There is a historical and intellectual angle to it. The pirs whom we follow are linked to a famous heretical sect of Iran called the "Ismailies" who were called "Assassins" in those times, that is 11th or 12th century. The exact link of the community is vague but there is a historical, mythological and folkloric link. The person who came to India in the 12th century in the book is discovered by the narrator-protagonist to have come from there. There are other Indian communities, including the tantriks, who have similar links to the sect. The "Ismailies" are ethnically Indians; their roots are in Gujarat. One person may have come from there but the community sprung up from the Bhakti influence and they were Gujaratis, Punjabis and others. We cannot even think of them as converts.

While in your earlier novels, history and politics play a greater role in individual lives; The Assassin’s Song turns more mythical and philosophical.

It has some Gujarat history. It so happens that the time the narrator is describing, violence happened. So, it is there in the narrative. In fact, when I first came to India in January 1993, I wanted to look away from the violence taking place here because there was so much more to India. I tried ignoring it but realised that it was covered in all the newspapers, every day for a few weeks. It would have been dishonest and cowardly to look away.

Yes, the book is philosophical, but it also deals with the burden of the past, of ancestry and the relationship between a father and a son in this context. As for myth, that was the only history we had and, therefore, it was our link to Indian history and mythology.

Coming to your recently released non-fictional A Place Within, is it about the proverbial return to the roots? What do you mean by ‘rediscovering India’ in the title?

It is not about roots nor was meant to be about roots. As for rediscovering India, it was always there within me. I began the book after my first visit in 1993 but didn’t know how to write it because I realised India was so much a part of me. So, it is not a book about India as much as it is a book about myself in India. We remained culturally rooted in our upbringing but this process of rediscovering it was to acknowledge it and perhaps find one’s place in it.

Several sections in the book narrate your visits to places of worship. Is it about your preoccupation with spirituality?

Of course, I visited many temples, especially Mother Goddess’s temples on hilltops. I found the whole journey uphill fascinating, although I am not a religious person in the ordinary sense. The question of why people worship and what they seek I find wonderful, it fascinates me. Also, there is a lot of history and myth connected to these places.
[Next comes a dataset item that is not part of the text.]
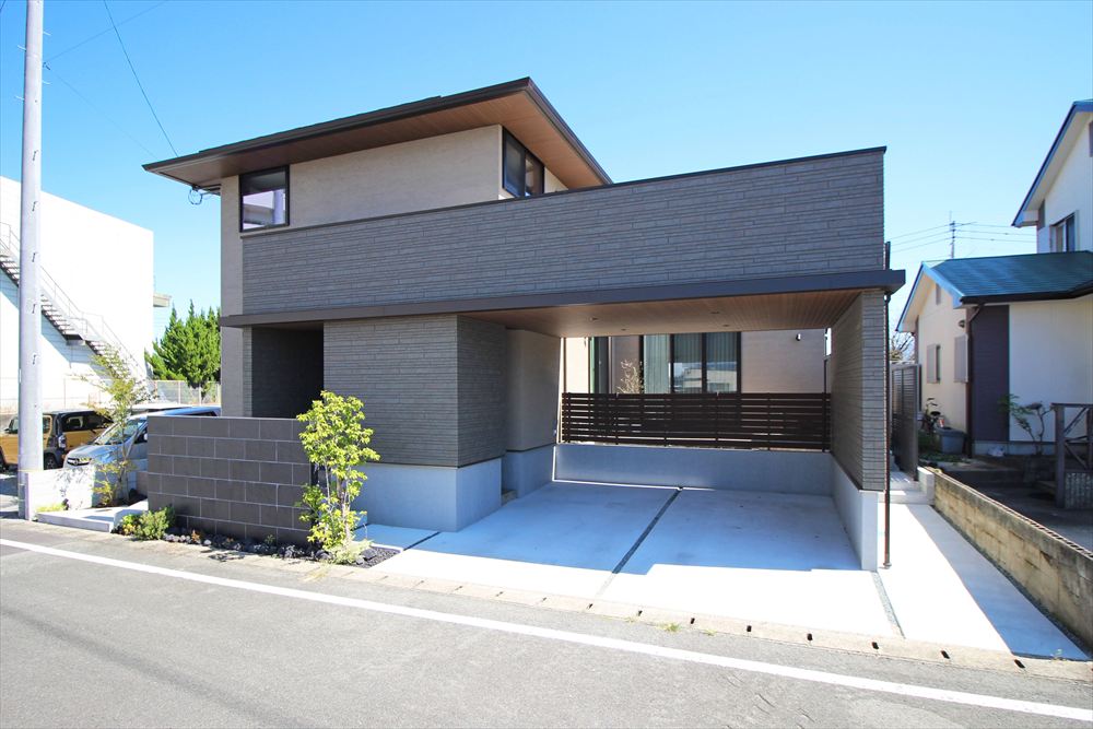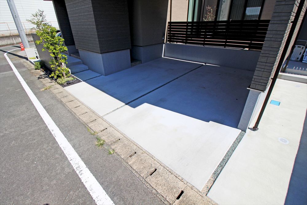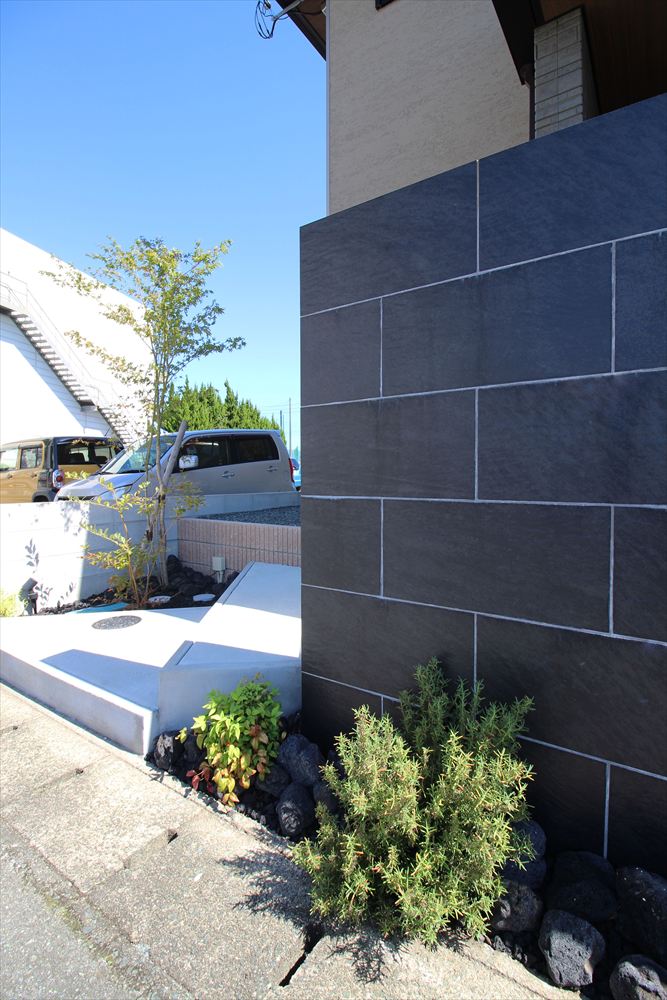 玄関前を覆う大きなウォール。爽やかな樹木の緑が寄り添う存在感のある”黒”が目を引きます。 階段・アプローチのゆったりとした導線がゆとりあるファサードを演出し、建物と一体型となった車庫スペースはコンクリートでさっぱりと仕上げました。 こだわりの建物に調和するシンプルモダンなエクステリアです。

Was it also to bring forth the spirituality and cultural diversity of India?

As I said earlier, a happy combination of mystical and devotional Hinduism and Islam inevitably defined my relationship with India. The existence of such inclusive systems of belief was proof of an essential historical quality of India, that of tolerance and flexibility, a certain laissez faire in matters of spirit, at least at the local level, far away from the watchful eyes of orthodoxy. Therefore, I find the labels ‘Hindu’ and ‘Muslim’ too exacting and excluding; I resist them.

What kind of change do you find in yourself after writing the book?

I feel this is the first account of not only my family but of my community in East Africa, connecting it to India. For me, it is an important personal book in a sense of completing myself and discovering myself.